A. Summary of the solution

In HEVC, the encoding side decides whether to use one large CU or split it into smaller CUs by the rate-distortion (RD) criterion. The CU partitioning structure based on the quadtree can flexibly adapt to various texture structures of the image. However, to find the optimal CU partition requires a lot of computational complexity, because the encoding side needs to look at the RD of each size CU to find the optimal partition. Most of the encoding time is spent on a large number of RD checks. If the CU partitioning method can be known in advance, we can save a lot of coding time.
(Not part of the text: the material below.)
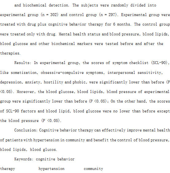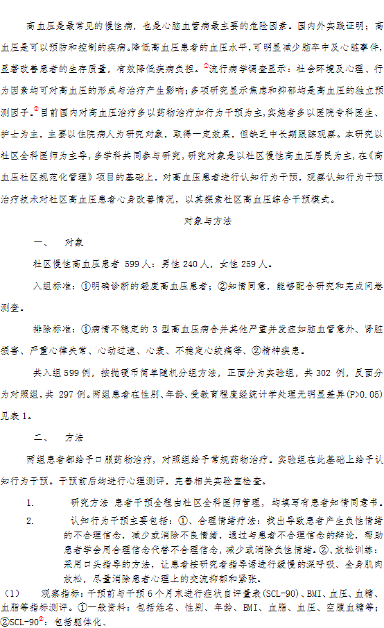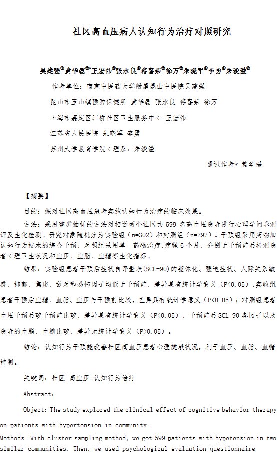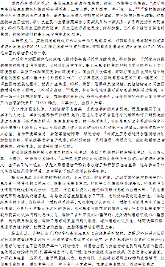 吴建强 黄华磊等:社区高血压病人认知行为治疗对照研究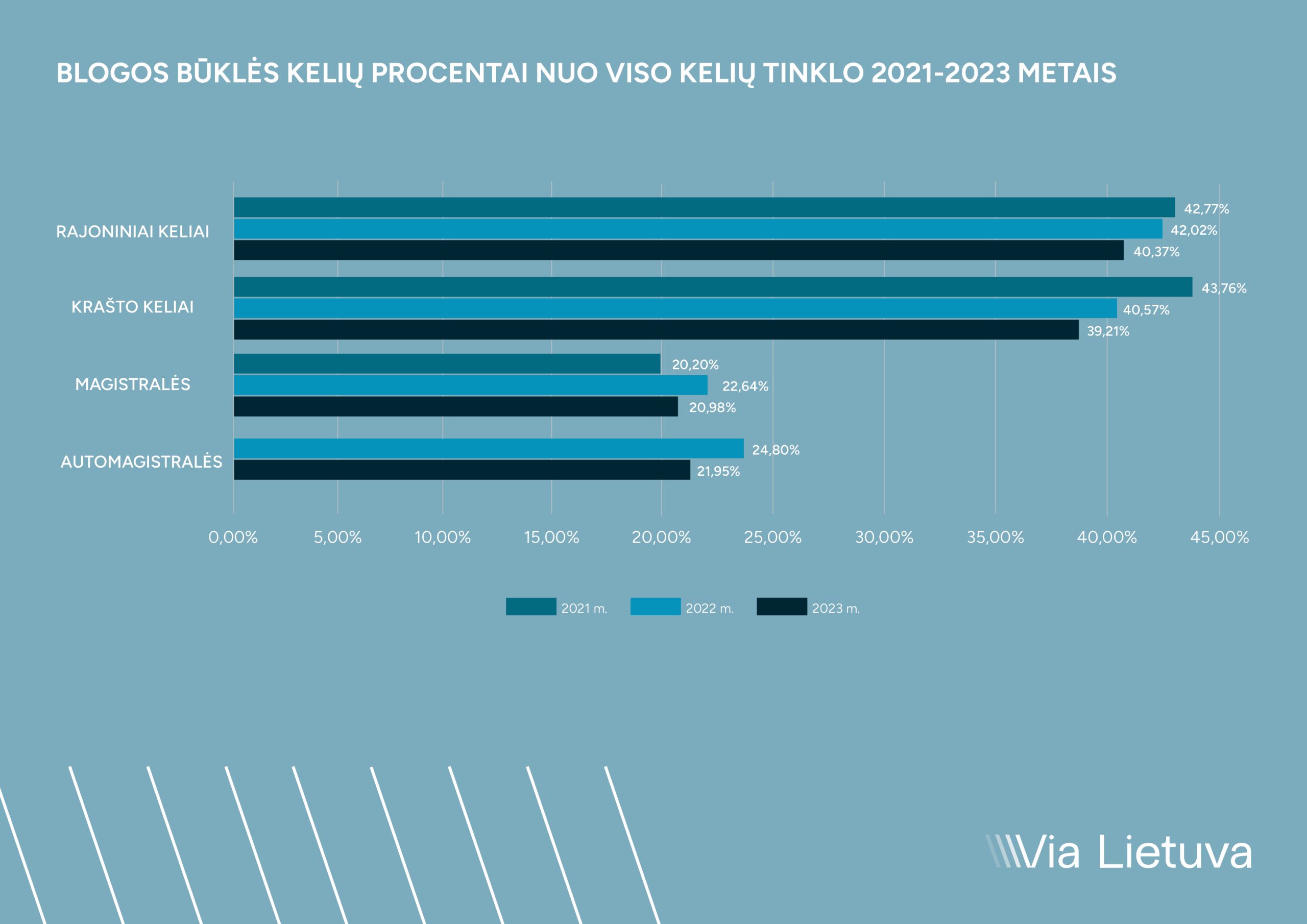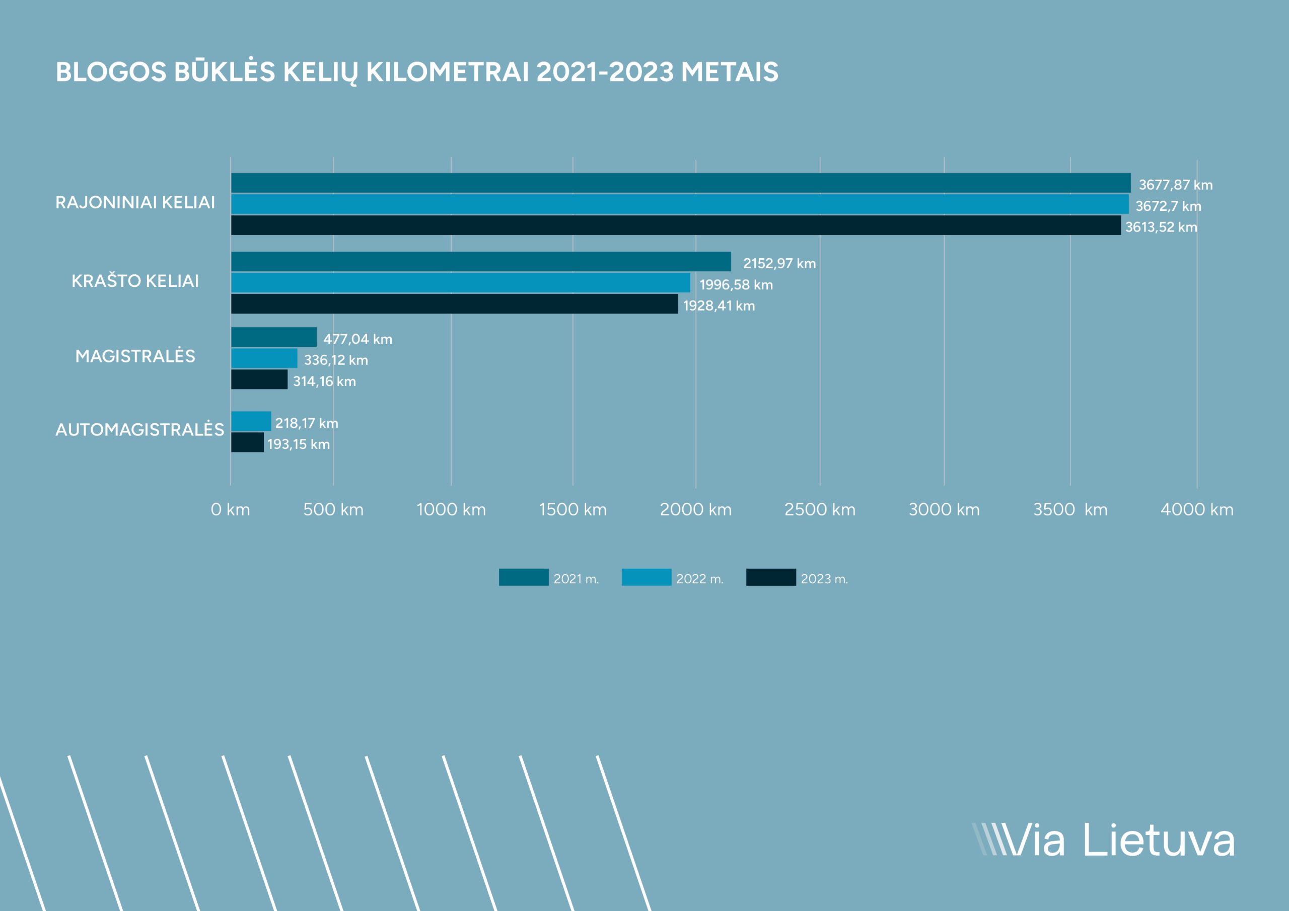 Bendras, neatitinkančių kokybės kriterijų, valstybinės reikšmės kelių procentas pernai sudarė 37 proc., tai reiškia, jog beveik 4 iš 10 Lietuvos kelių yra blogos būklės. Iš viso blogos būklės valstybinės reikšmės kelių pernai šalyje buvo daugiau nei 6 tūkst. km. Kartu su keliais, kurie šiuo metu siekia kritinę ribą ir jų netvarkant šių kelių kokybė ims sparčiai blogėti – valstybinės reikšmės kelių tinkle skaičiuojama netoli 8,5 tūkst. km.

There are 35 prediction modes per CU in intra prediction. For each LCU, 3 candidate modes may be selected for 64 × 64, 32 × 32, and 16 × 16 blocks and 8 candidate modes may be selected for 8 × 8 and 4 × 4 blocks by preliminary mode determination (RMD). The combination with the most probable modes of the neighboring blocks allows the PU to obtain the best mode candidate list (MPM). For each Mode in the candidate list, we select the optimal Mode Best Mode (BM) by Rate Distortion Optimization (RDO). The process of optimal mode selection is based on a top-down quadtree structure approach. And performing transformation quantization through top-down traversal to obtain the optimal mode with the minimum RDcost. After the current PU and its four sub-PUs complete prediction, the CU is encoded by a bottom-up quadtree structure. And selecting the sub-optimal CU with the smaller RDcost by comparing the RDcost of the current CU with the sum of the RDcosts of the four sub-CUs. More specifically, after the four sub-CUs complete prediction, the four sub-CUs are compared with the current CU to determine the next optimal partition, which is performed in a bottom-up manner. For example, after the intra prediction of four 4 × 4 blocks of the current 8 × 8 block is completed, the RDcost of the current 8 × 8 block is compared to determine whether the 8 × 8 block is divided, which is the sub-optimal division. The 16 × 16 block is compared with its four 8 × 8 blocks, and so on, until the 64 × 64 block is compared with its four 32 × 32 blocks, which is performed by a bottom-up quadtree structure, and from the maximum depth, each time a comparison is made, the sub-optimal part is saved, until the depth is 0, the optimal partitioning mode of the LCU is obtained.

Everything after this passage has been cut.